Can someone please help me?
I have being living in Dubai for 4 month i work for a uk base company in dubai i havent seen my boyfriend of 7 years since i came My birthday was at the end of april so we decided it was a good idea to have him over for a holiday he is staying in my flat and we were trying to keep it low key.
But on thursday he went to a bar with a friend to watch a football match got drunk, took a taxi and the taxi driver drop him and his friend in jail. Today is sunday he is still in jail im loosing my mind. There is anyone there that can help?
Thanks


----------



## Andy Capp

Hope that helps, don't worry.

Find out case number from detainee, it's in arabic at the top of a piece of paper signed and stamped in blue by the public prosecutor.
Call 700040000 then 217 (for English).
Quote case number (2009/xxxxx) and state criminal or traffic and Police Station name.
Ask exactly what the charges are.
Apply for kefalah (bail) over the phone.

Then at least you know what you're up against.

*THIS APPLIES TO DUBAI EMIRATE ONLY*


----------



## dsackman

HelenG said:


> Same kind of thing really, be discreet. Its not like they ask for your marriage certificate when you check in.
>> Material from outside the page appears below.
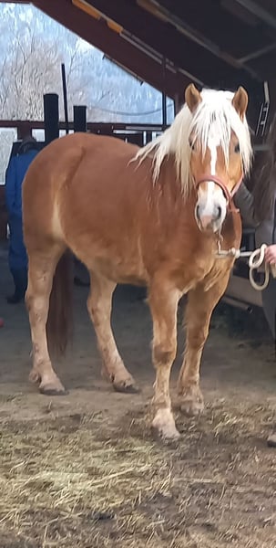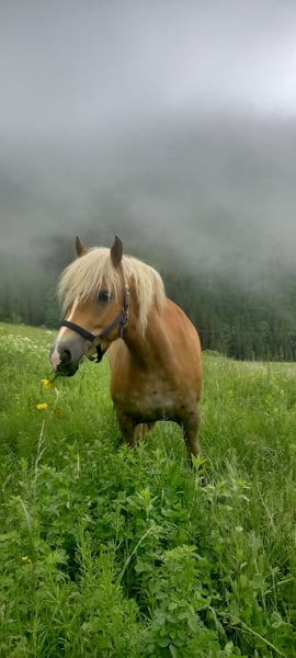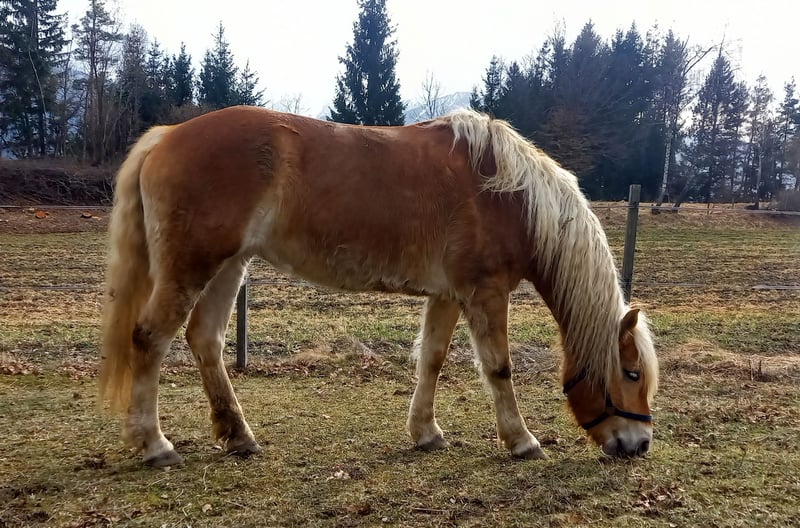 Wir verkaufen unsere 8 jährige Haflingerstute Nava aufgrund von Zeitmangel, an einen Bestplatz. 4 jährig haben wir sie von einer Alm in Slowenien gekauft, dort konnte sie im Herdenverband aufwachsen und war als 2a Zuchtstute eingetragen. Eingeritten bin ich sie dann selbst, wobei sie sehr brav war. Grundgangarten (wenig Galopp), Schenkelweichen und Halten kennt sie. Longe und Bodenarbeit auch. Ich bin sie immer ohne Sattel (mit Physiopad) geritten, da ich nie einen Passenden für sie gekauft habe. Nava ist ein sehr lernwilliges Pferd, das mehrmals die Woche gearbeitet werden will, da ihr sonst einfach langweilig ist. Sie macht nach längeren Pausen zuverlässig einige Freudenhüpfer, ist dabei jedoch nie bösartig. Wenn man sie vor dem Reiten longiert, kann sie ihre überschüssige Energie loswerden und ist dann unterm Reiter auch brav. Vor allem auf Anfänger und Kinder hat sie immer besonders gut aufgepasst, wobei sie im Umgang trotzdem einer konsequenten Führung bedarf, damit sie nicht zu frech wird - deshalb wird sie nicht als Anfängerpferd verkauft. Angst hat sie vor nichts, auch anderen Pferden zeigt sie souverän, dass man nicht nicht fürchten muss, vor Planen, Fahnen, Geräuschen usw. In der Herde ist sie eher ranghoch, ordnet sich aber ein und versteht sich mit Stuten und Wallachen gleichermaßen. Verletzt war sie bei mir nie, auch Hufrehe hatte sie nie. Sie ist extrem trittsicher, auch schmale Wanderwege meistert sie ganz selbstständig. Schmiedefromm. Momentan ist sie zu dick, mit rationierter Fütterung und etwas mehr Bewegung wird das schnell wieder. Durch unseren Familienzuwachs wurde sie länger nicht geritten, sollte aber nach ein paar Mal Longieren kein Problem sein. An der Longe hatte ich sie auch während meiner Schwangerschaft regelmäßig. Auf Wunsch kann ich sie vor dem Verkauf noch einige Male reiten. Dann wäre ein Probereiten im Schritt möglich, allerdings nur bei ernsthaftem Interesse. Wer bis jetzt gelesen hat, kennt meine ganz ehrliche Beschreibung zu unserer Nava. Ich denke wer sich in sie verliebt und Lust hat mit ihr zu arbeiten, mit dem geht sie durch Dick und Dünn. Deshalb wünsche ich mir für sie den passenden Menschen bei dem sie nicht zu kurz kommt! Platz vor Preis! Weitere Infos und Video auf Anfrage

Actually not quite true. We (wife and I) visited in November for interviews and at 2:00am in the morning the hotel at first wanted to give us separate rooms, then separate beds, and only after I produced our marriage license did we get a king bed. It was the Holiday In in DIC.
In the mean time there was a guy with two pro's who got a room with no questions asked.


----------



## dub res

hi guys, I have a question.

If you had a visa with a company and before you cancle that, you have found a new job and started that one, not officially, and after sometime your previous company ask you for confirmation, if you been working during this time or not, but nobody from Gov. cought you working in the office, could the old office cause a problem for you?

Can't you say that, I was going there just to get to know the new office and help them, unpayed? Is it illigal? 

If somebody had worked on a visit visa for a year, and after 2 years government be informed about it, what would be the case?

thanks, its quite urgent


----------



## taskeen

hi andy

i am now living in dubai for 6 months and apparently got a traffic fine for passing through a red signal this was in january.I only found this out recently on the internet.it says the car must be impounded for 15 days,8 black points and aed800 fine...this is the only car i have and have to commute to work with shifts...

please help.


----------



## Andy Capp

Get a hire car mate, what else can you do?

Pay the money and have a hire car waiting, BUT hire the car before you go to the police....


----------



## taskeen

thanks...might just do it before going on holiday..


----------



## Drew88

Useful info, thank you


----------



## New Expat Dude

*Move!*

Young lady, you are living in the land of insane laws. Move out of the stone age and you won't get attacked by dinosaurs...



mariangela said:


> Can someone please help me?
> I have being living in Dubai for 4 month i work for a uk base company in dubai i havent seen my boyfriend of 7 years since i came My birthday was at the end of april so we decided it was a good idea to have him over for a holiday he is staying in my flat and we were trying to keep it low key.
> But on thursday he went to a bar with a friend to watch a football match got drunk, took a taxi and the taxi driver drop him and his friend in jail. Today is sunday he is still in jail im loosing my mind. There is anyone there that can help?
> Thanks


----------



## webjunky

i think it's a combination of both personally. no one knowing obviously is the best case for you. now knowingly turning their eyes is another story, though this happens a lot. as discussed it happens a lot, but why risk it? why not just not tell anyone?


----------



## reasonant

useful information! Many thanks.


----------



## herve

Andrew Farrant said:


> Out of interest - if you are convicted of a crime which is morally and legally acceptable in the west, like living with someone, how long is the sentence and do you get deported once your sentence is finished ?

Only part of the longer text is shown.